Hang on, there's a noose vacancy

THE 15 convicted killers and armed robbers languishing on Swaziland's Death Row could be forgiven for getting a touch complacent about their appeals. It is 15 years since the country last carried out an execution.

But there is bad news, boys. Chief Maweni Simelane, the chief justice minister, has advertised in the local press for a "brave young man who has what it takes" to become the country's new hangman.

The official line is that if a country has a death sentence then, theoretically, it must have someone prepared to hang 'em high. But the development is a little ominous since Swaziland has managed perfectly well without an executioner since the mid 1980s when the then hangman - a South African - apparently threw in the towel, bored beyond endurance by several nooseless years.

What has prompted the justice minister's quest for a hangman is unclear. He may be firing a warning shot over the heads of perpetrators or perhaps spearheading a right-wing campaign to persuade King Sobhuza II to get tougher on criminals.
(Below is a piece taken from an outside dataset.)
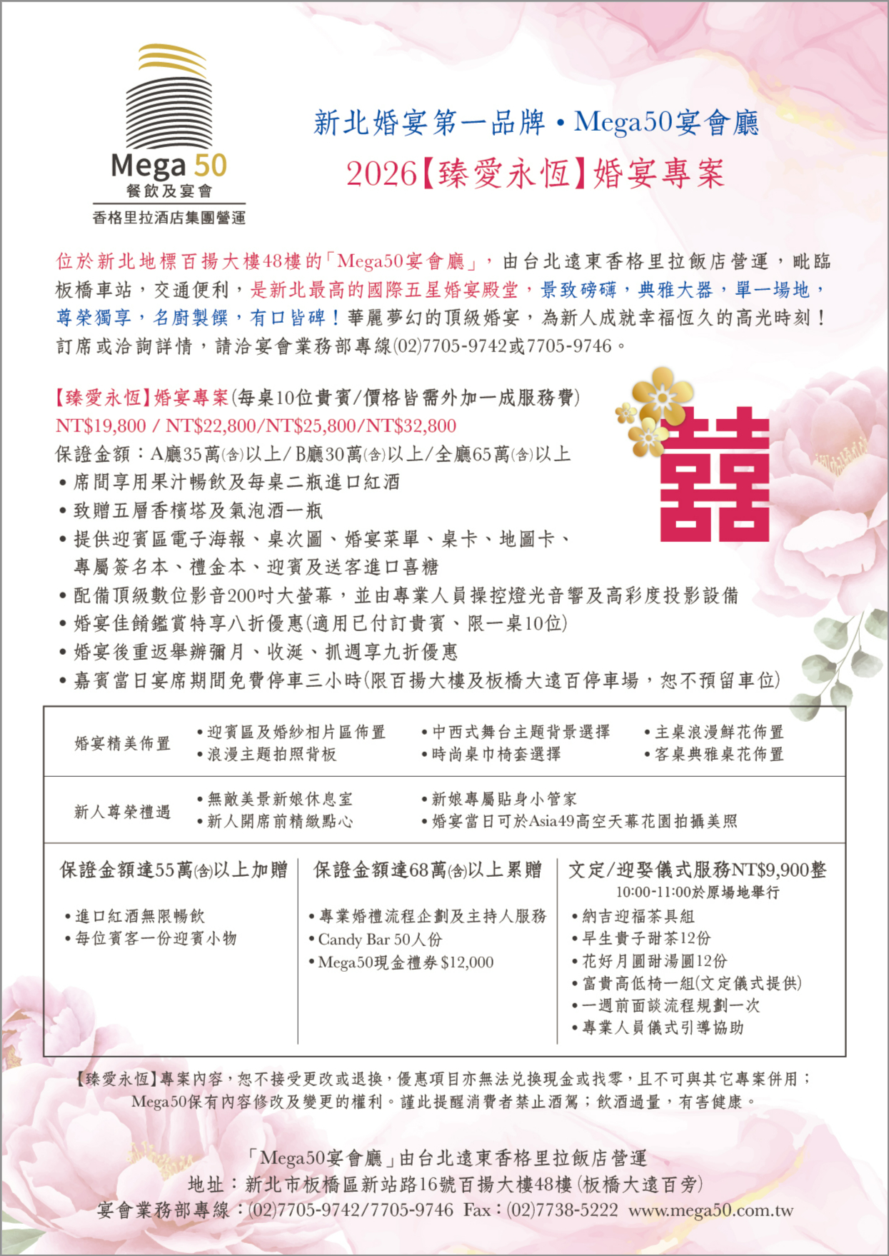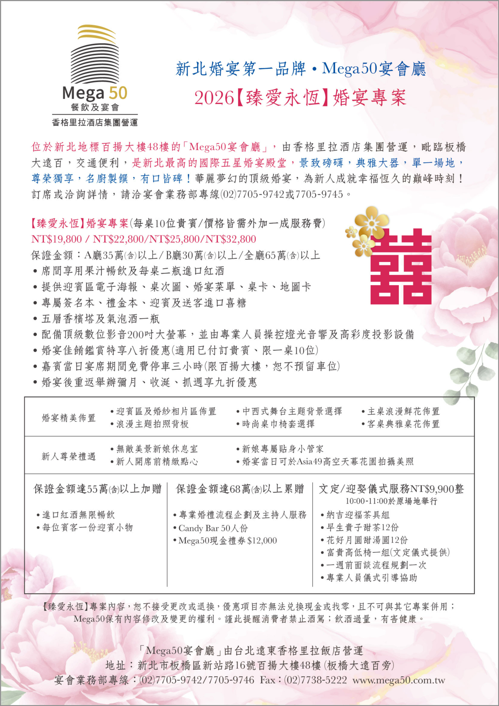 由台北遠東香格里拉飯店營運的「Mega50宴會廳」(48F),是新北最高的五星婚宴殿堂,景致磅礴,典雅大器,宴席精美,單一場地,尊榮獨享,以頂級浪漫婚宴為新人見證幸福恆久時刻!詳情請洽業務部專線(02)7705-9742、7705-9746或線上填寫訂席需求。

Since he came to power in 1986 at the age of 18 the king, who has final say on whether an execution can be carried out, has never sanctioned one.

Chief Simelane claims that the issue has been forced because of a sudden increase in the number of death sentences being handed down by courts.

"We've never actually officially dropped the practice [hanging] but no criminals were sentenced to death by out courts since the hangman ran off," Chief Simelane said. "It is just recently that the court have started imposing the death sentence again."